WHAT TO WORK ON
From the entries below, reproduce exactly the lines from the one with "pair towards 1.8136(23.6%fib)." through the one with "店内には 白柴やワイマナラー:シオンくん などオヤツを楽しむ先客ワンコ達", both included, without images.

━━ ENTRIES SHOWN

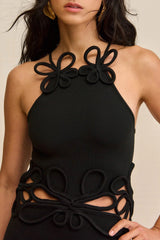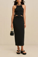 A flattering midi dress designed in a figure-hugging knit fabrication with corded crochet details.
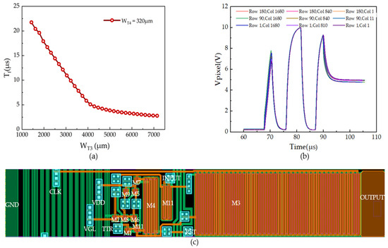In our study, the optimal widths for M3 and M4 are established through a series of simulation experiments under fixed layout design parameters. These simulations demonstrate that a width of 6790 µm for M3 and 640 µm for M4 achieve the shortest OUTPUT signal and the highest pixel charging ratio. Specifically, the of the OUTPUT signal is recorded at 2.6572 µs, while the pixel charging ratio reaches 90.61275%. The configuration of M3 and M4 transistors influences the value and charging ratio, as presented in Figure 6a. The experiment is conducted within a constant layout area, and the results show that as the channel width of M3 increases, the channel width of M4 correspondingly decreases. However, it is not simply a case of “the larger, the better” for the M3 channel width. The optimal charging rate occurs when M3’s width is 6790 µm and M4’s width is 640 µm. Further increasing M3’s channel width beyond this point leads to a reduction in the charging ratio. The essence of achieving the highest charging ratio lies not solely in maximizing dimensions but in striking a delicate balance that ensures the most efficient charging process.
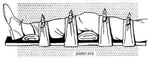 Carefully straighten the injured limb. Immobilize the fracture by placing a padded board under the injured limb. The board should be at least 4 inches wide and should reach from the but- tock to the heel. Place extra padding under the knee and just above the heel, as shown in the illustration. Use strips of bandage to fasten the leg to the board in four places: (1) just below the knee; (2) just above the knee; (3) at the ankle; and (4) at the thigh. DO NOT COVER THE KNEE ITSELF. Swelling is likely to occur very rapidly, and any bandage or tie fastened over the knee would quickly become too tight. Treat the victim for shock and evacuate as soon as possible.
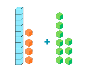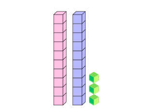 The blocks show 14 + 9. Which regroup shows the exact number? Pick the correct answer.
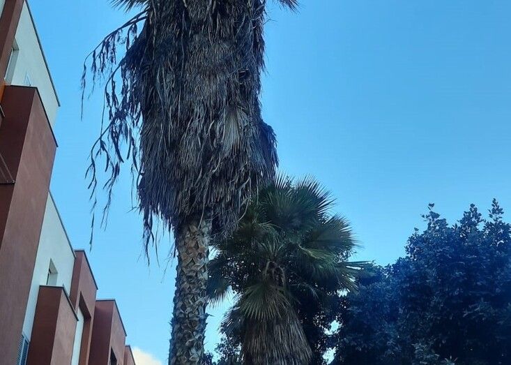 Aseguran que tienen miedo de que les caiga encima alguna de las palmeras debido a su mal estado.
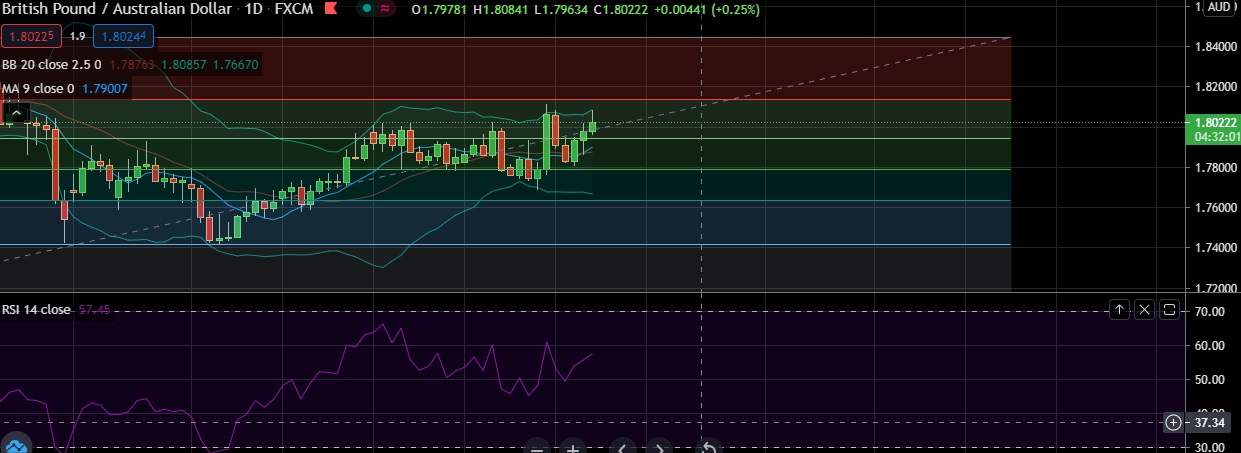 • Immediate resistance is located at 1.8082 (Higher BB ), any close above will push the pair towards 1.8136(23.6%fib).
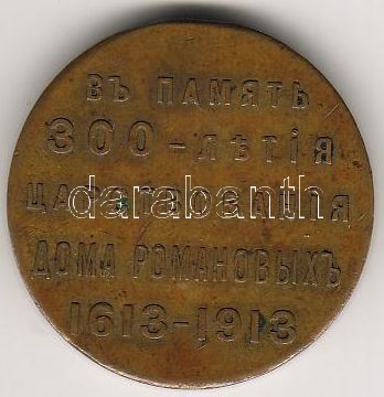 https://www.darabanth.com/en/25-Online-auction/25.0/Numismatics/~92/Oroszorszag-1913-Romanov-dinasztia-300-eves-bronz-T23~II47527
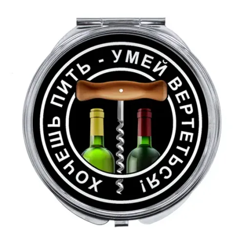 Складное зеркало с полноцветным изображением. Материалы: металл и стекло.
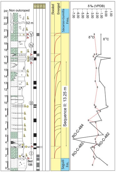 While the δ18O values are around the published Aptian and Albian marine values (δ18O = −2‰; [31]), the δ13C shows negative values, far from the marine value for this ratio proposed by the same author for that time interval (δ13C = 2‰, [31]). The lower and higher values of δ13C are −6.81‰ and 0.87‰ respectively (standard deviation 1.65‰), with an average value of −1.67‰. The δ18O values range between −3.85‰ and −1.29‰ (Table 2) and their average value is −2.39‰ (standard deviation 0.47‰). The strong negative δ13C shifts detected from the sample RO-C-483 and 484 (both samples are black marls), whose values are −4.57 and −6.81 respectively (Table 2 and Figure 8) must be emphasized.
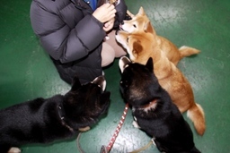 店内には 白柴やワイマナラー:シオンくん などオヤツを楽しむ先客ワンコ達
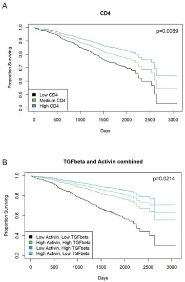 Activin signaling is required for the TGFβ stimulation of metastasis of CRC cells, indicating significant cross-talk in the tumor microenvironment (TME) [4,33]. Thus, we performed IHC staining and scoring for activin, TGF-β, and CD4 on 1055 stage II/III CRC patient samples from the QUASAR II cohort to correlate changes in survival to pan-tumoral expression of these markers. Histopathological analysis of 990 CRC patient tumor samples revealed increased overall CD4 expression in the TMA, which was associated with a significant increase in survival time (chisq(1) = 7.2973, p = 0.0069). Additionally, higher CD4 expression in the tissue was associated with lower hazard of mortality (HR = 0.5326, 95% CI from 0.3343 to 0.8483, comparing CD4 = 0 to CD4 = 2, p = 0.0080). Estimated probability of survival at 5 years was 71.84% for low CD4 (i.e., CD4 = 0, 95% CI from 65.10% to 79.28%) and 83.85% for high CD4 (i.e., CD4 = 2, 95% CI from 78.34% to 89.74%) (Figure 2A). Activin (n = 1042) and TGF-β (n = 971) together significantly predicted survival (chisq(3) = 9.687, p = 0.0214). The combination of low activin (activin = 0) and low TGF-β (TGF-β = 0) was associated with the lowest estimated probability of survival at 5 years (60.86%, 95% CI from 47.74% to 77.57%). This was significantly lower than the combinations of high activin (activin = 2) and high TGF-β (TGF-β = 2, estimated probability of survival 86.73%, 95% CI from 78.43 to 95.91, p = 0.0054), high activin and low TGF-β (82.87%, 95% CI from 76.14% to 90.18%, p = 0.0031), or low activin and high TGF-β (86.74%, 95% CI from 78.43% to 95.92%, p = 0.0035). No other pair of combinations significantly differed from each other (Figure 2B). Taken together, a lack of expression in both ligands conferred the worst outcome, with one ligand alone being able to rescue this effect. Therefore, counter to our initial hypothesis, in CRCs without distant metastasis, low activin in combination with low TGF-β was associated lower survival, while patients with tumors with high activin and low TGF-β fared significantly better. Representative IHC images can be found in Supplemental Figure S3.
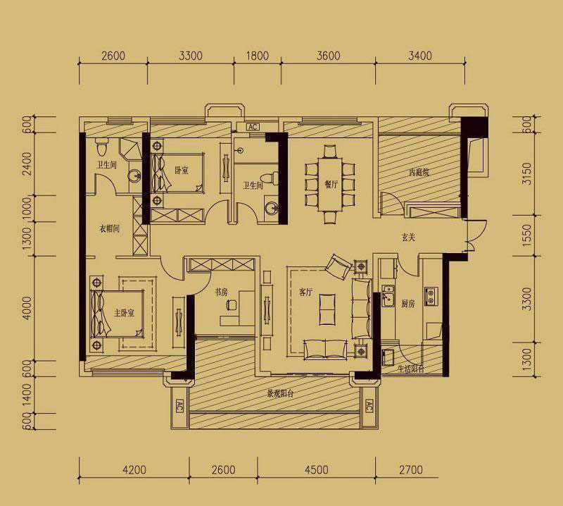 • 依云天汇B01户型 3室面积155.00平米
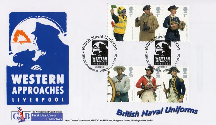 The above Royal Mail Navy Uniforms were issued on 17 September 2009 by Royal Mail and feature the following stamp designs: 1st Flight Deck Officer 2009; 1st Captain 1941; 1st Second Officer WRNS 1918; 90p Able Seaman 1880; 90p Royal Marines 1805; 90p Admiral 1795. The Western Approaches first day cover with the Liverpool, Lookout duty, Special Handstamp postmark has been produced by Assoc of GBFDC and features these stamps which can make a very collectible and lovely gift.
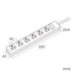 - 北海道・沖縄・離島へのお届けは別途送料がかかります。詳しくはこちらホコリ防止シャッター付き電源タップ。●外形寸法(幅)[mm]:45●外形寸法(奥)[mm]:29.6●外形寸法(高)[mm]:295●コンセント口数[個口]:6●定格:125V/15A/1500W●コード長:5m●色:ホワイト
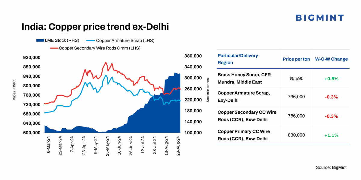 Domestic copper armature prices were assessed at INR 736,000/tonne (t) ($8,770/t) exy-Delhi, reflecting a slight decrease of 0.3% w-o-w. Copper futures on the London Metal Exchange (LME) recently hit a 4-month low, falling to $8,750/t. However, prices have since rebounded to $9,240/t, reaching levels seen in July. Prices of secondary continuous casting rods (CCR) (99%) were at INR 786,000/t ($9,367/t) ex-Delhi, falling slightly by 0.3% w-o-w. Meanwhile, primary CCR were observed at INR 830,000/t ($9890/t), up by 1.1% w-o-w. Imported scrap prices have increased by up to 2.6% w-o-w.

━━━━

EXERCISE RESPONSE
 • Immediate resistance is located at 1.8082 (Higher BB ), any close above will push the pair towards 1.8136(23.6%fib).
 https://www.darabanth.com/en/25-Online-auction/25.0/Numismatics/~92/Oroszorszag-1913-Romanov-dinasztia-300-eves-bronz-T23~II47527
 Складное зеркало с полноцветным изображением. Материалы: металл и стекло.
 While the δ18O values are around the published Aptian and Albian marine values (δ18O = −2‰; [31]), the δ13C shows negative values, far from the marine value for this ratio proposed by the same author for that time interval (δ13C = 2‰, [31]). The lower and higher values of δ13C are −6.81‰ and 0.87‰ respectively (standard deviation 1.65‰), with an average value of −1.67‰. The δ18O values range between −3.85‰ and −1.29‰ (Table 2) and their average value is −2.39‰ (standard deviation 0.47‰). The strong negative δ13C shifts detected from the sample RO-C-483 and 484 (both samples are black marls), whose values are −4.57 and −6.81 respectively (Table 2 and Figure 8) must be emphasized.
 店内には 白柴やワイマナラー:シオンくん などオヤツを楽しむ先客ワンコ達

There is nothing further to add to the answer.